The three other players who had a five-shot lead after 36 holes at Augusta — Herman Keiser in 1946, Jack Nicklaus in 1975 and Floyd in 1976. All went on to win.
Spieth sure looked like a winner, even though it was just Friday. The fans treated him like one.
They rose to their feet and applauded when Spieth walked onto the 12th tee, and for the next two hours, ovations greeted him on tee boxes and greens. The red number next to his name on the leaderboard — 14-under par — was better than 11 of the last 13 winners.
“I got standing ovations walking to multiple greens,” Spieth said. “I mean, that’s something you can only dream about. It’s Friday, too. I’d like to have the same thing happening on Sunday. Got a lot of work to do before that happens.”
Hoffman tried to keep pace with Spieth and ran off three birdies on the back nine until closing with a bogey for a 68. He was five shots behind at 135, a score that would have been leading at 36 holes in the last three Masters. Hoffman didn’t care about that.
“It’s this year. It’s not any other year,” he said. “I’m just playing golf and I’ve only played 36 holes. And we’ve got a lot of golf left.”
Dustin Johnson opened with a double bogey, and then became the first player in Masters history to make three eagles in one round. A bogey from the trees on the last hole gave him a 67, and he was seven shots behind, along with Justin Rose (70) and Paul Casey (68). Phil Mickelson (68) was eight behind.
One score that didn’t matter belonged to Ben Crenshaw, a two-time Masters champion playing in his 44th and final competitive round on the course. He missed the cut and in a poignant moment, longtime Augusta caddie Carl Jackson came onto the 18th green for a long, warm embrace.
“I feel like I’ve won the tournament,” Crenshaw said.
Spieth thought he could have won it last year when he had a two-shot lead with 11 holes to play until a two-shot swing on No. 8, another one on No. 9, and failing to get any closer to Bubba Watson the rest of the way. But the kid learned, and now he gets a major test.

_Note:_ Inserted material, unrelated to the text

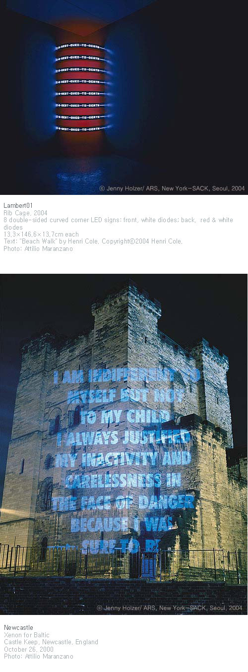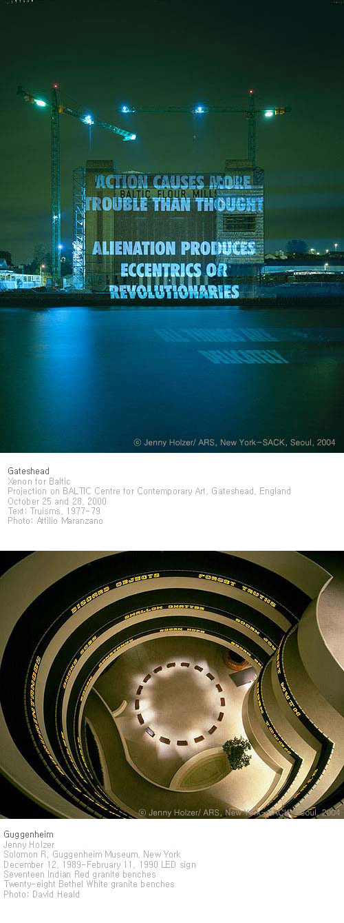 제니 홀처는 지난 25년 동안 베를린의 뉴 내셔날 갤러리, 레치타그 등의 건물, 그리고 뉴욕과 빌바오의 구겐하임 뮤지엄을 포함한 무수한 공공장소 및 국제 전시에서 신랄한 아이디어, 논쟁, 슬픔 등에 대해 보여주고 있다. 티셔츠, 명판, LED사인 등의 형태로 제작되어 보여주는 그녀의 작품의 매체는 글이며 필수적으로 공공의 차원에서 읽혀진다. 홀처는 뉴욕 시내 곳곳에 포스터를 부착하기 시작한 1970년대 후반부터 최근의 자연풍경 및 건물에 영사하는 제논(xenon) 프로젝션 작업까지 그녀는 무지와 폭력과 맞서는 유머, 친절함, 도덕적 용기 등에 대한 작업을 하고 있는 것이다.

“The hardest thing to do is put aside wanting to win so bad, and just kind of going through the motion and letting my ball striking and putting happen,” Spieth said. “I got off to a great start and had a chance to win last year on Sunday. I’d like to have that same opportunity this year. Again, this is only the halfway point and I’m aware of that. I’m going to try and stay ... very patient these last two days and understand it’s going to feel like a whole ‘nother tournament.”
Much like his opening round of 64, his second round was without much stress — it even included one unlikely birdie.
Spieth hit into a bunker on the par-5 eighth hole, so close to the lip that he could only advance it some 30 yards and still had 235 yards left for his third shot. Spieth hit a hybrid that caught the contours perfectly and settled 2 feet from the cup for a birdie.
Billy Horschel walked up to the green and saw the ball. Turning back toward the fairway, with Spieth still 100 yards away, Horschel held up his hands a yard apart to indicate to Spieth what he had left. Horschel smile and eventually started laughing.
He’s seen enough of this for two days. He’s come to expect it. Everyone has.
“It’s a long, long way from being finished,” Ernie Els said after a 72 put him nine shots back. “A lot of work still to be done, so we’ll see. But he’s very, very impressive.”